ESI-Mass (m / z) : [M + H +] + C 34 H 29 N 5 O 5 S: 620.19 ( calcd), 620.45 (measured value).

< Example  4> (S) -Ethyl 2 - ((S) -3- (1H-indol- Pyrene -4- Sulfonamido ) Propane Amido) -3- (1H- Imidazole Yl) Propanoate  Produce

The compound (26.0 mg, 0.041 mmol) prepared in Example 2 was dissolved in ethanol (5 mL), 2 equivalents of thionyl chloride (6 μL, 0.082 mmol) was added and the mixture was refluxed with stirring for 12 hours to obtain the target compound . (Eluent: distilled water containing 0.1% TFA / acetonitrile (1: 1, v / v), gradient: flow rate (eluent: C18 column, delta pak C18-300A, 1.9 x 30 cm) 3.0 mL / min) to obtain a dipeptide derivative (yield 64%) as a white solid. The structure of the purified dipeptide derivative was confirmed by ESI mass spectrometry and NMR.

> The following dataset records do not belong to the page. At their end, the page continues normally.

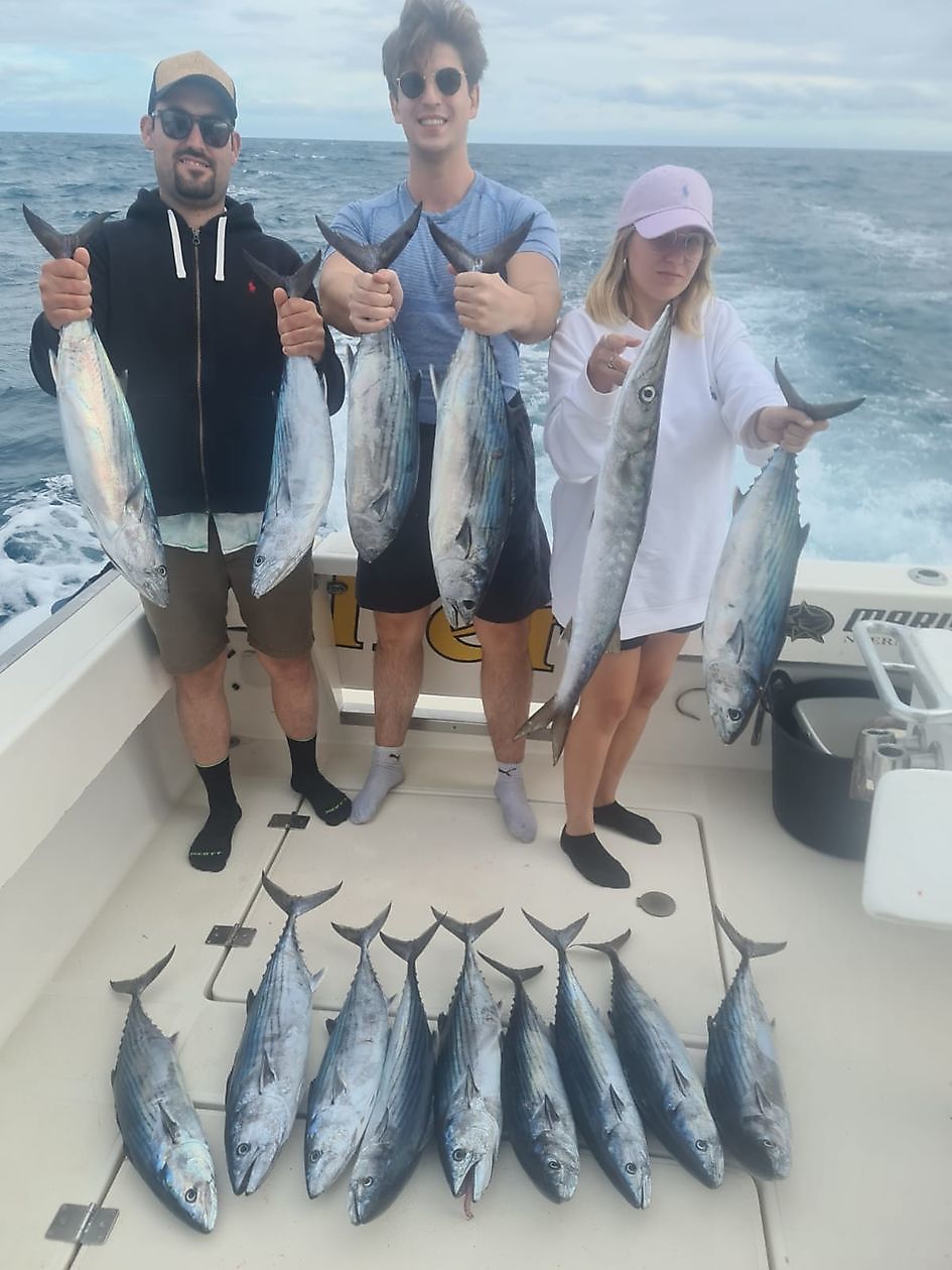 Zij wisten in enkeke uurtjes tijd maar liefst 14 Noord Atlantische Bonito's en 1 Barracuda te vangen. Met daarbij de nodige missers hadden zij een geweldige visdag.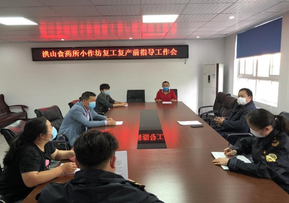 4月15日,武汉市洪山区市场监督管理局洪山食药所组织召开了食品生产小作坊复工复产前指导工作会。会议传达了湖北省、武汉市、洪山区防疫指挥部有关复工复产的相关文件精神。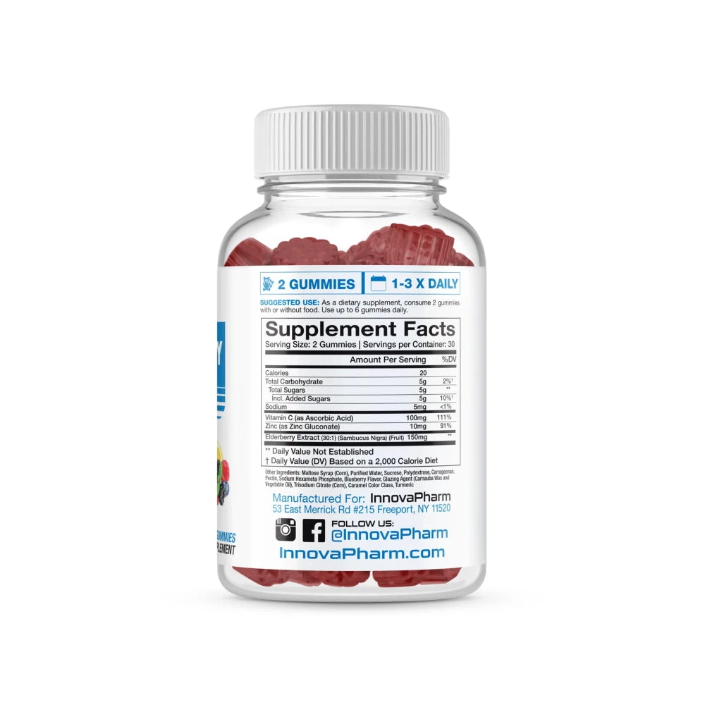 InnovaPharm Essentials Elderberry Immunity Gummies 60ct Encourages immune health for all-season defense, great-tasting, and convenient gummy form. Contains Zinc and Vitamin C, two crucial nutrients known to support immunity, creating a triple-action immune blend of unparalleled quality and potency!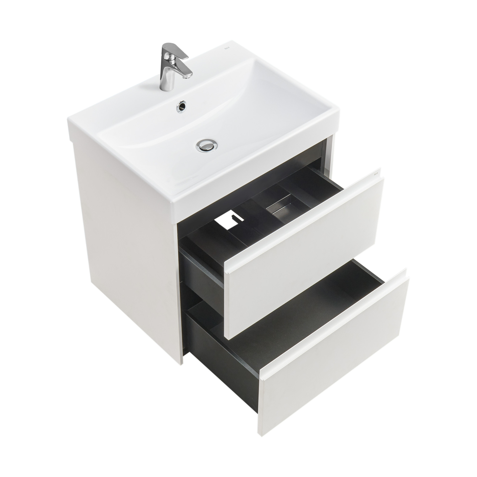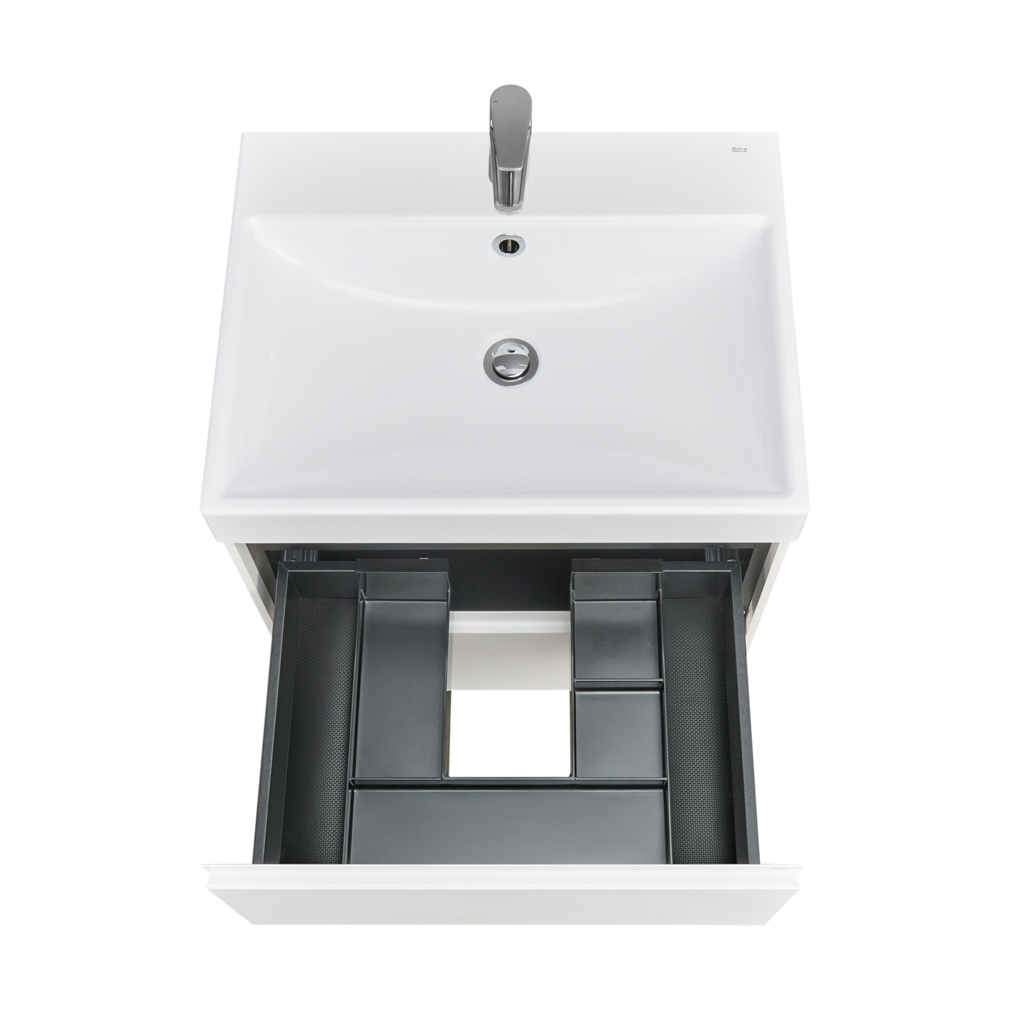 В обоих ящиках находятся противоскользящие коврики, а верхний ящик снабжен также встроенной организацией пространства – эстетика и идеальный порядок в ванной комнате.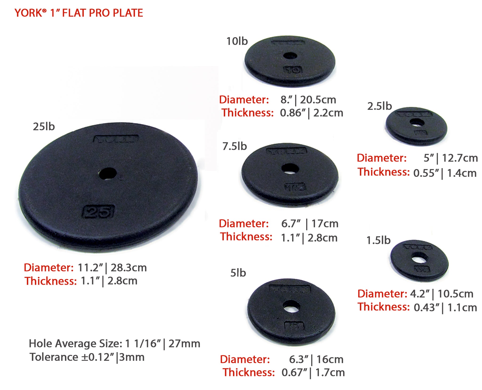 The 1” Standard Flat Pro Cast Iron Plate, the “pancake plate”, is a simple plate that offers a variety of sizes. These plates can be used with our 1” dumbbell handles to make an adjustable set of dumbbells in order to help conserve space or with any equipment that utilizes standard plates. The Standard Flat Pro Cast Iron Plates are composed of durable cast iron which helps these plates last a lifetime.

^{1 H NMR (400 MHz, DMSO} -d 6) δ 10.26 (s, 1H), 8.98 (s, 1H), 8.71 (d, J = 8.4 Hz, 1H), 8.52 (d, J = 8.4 Hz, 1H) , 8.46-8.39 (m, 3H), 8.34 (d, J = 7.8 Hz, 1 H), 8.30 (d, J = 8.0 Hz, 1 H), 8.25-8.13 J = 7.8 Hz, 1 H), 6.55 (d, J = 7.8 Hz, 1H), 6.85 (d, J = 1H, J = 7.6 Hz, 1H), 6.32 (t, J = 7.6 Hz, 1H), 4.44-4.41 (m, 1H), 4.41 (m, 2H), 3.99-3.96 (Dd, J = 8.0, 2.0 Hz, 1H), 2.79 (dd, J = 8.5, 2.6 Hz, 1H), 2.61 1H); 1.21 (s, 3 H) ppm;

^{13 C NMR (100 MHz, DMSO} -d6) d 171.6, 171.1, 135.3, 133.9, 133.6, 131.6, 130.5, 129.6, 129.4, 128.9, 126.9, 126.7, 126.2, 124.1, 124.02, 123.4, 123.1, 120.1, 117.4, 117.2, 116.8, 110.4, 108.4, 93.9, 56.6, 51.9, 51.3, 28.4, 26.5, 14.1 ppm;

ESI-Mass (m / z) : [M + H +] + C 35 H 31 N 5 O 5 S: 634.20 ( calcd), 634.42 (measured value).

< Experimental Example  1> Evaluation of selectivity for metals in samples

In order to evaluate the selectivity of the dipeptide derivatives according to Examples 1 to 4 of the present invention on silver ions (Ag ⁺ ) and mercury ions (Hg ^{2 +} ), the following experiment was conducted.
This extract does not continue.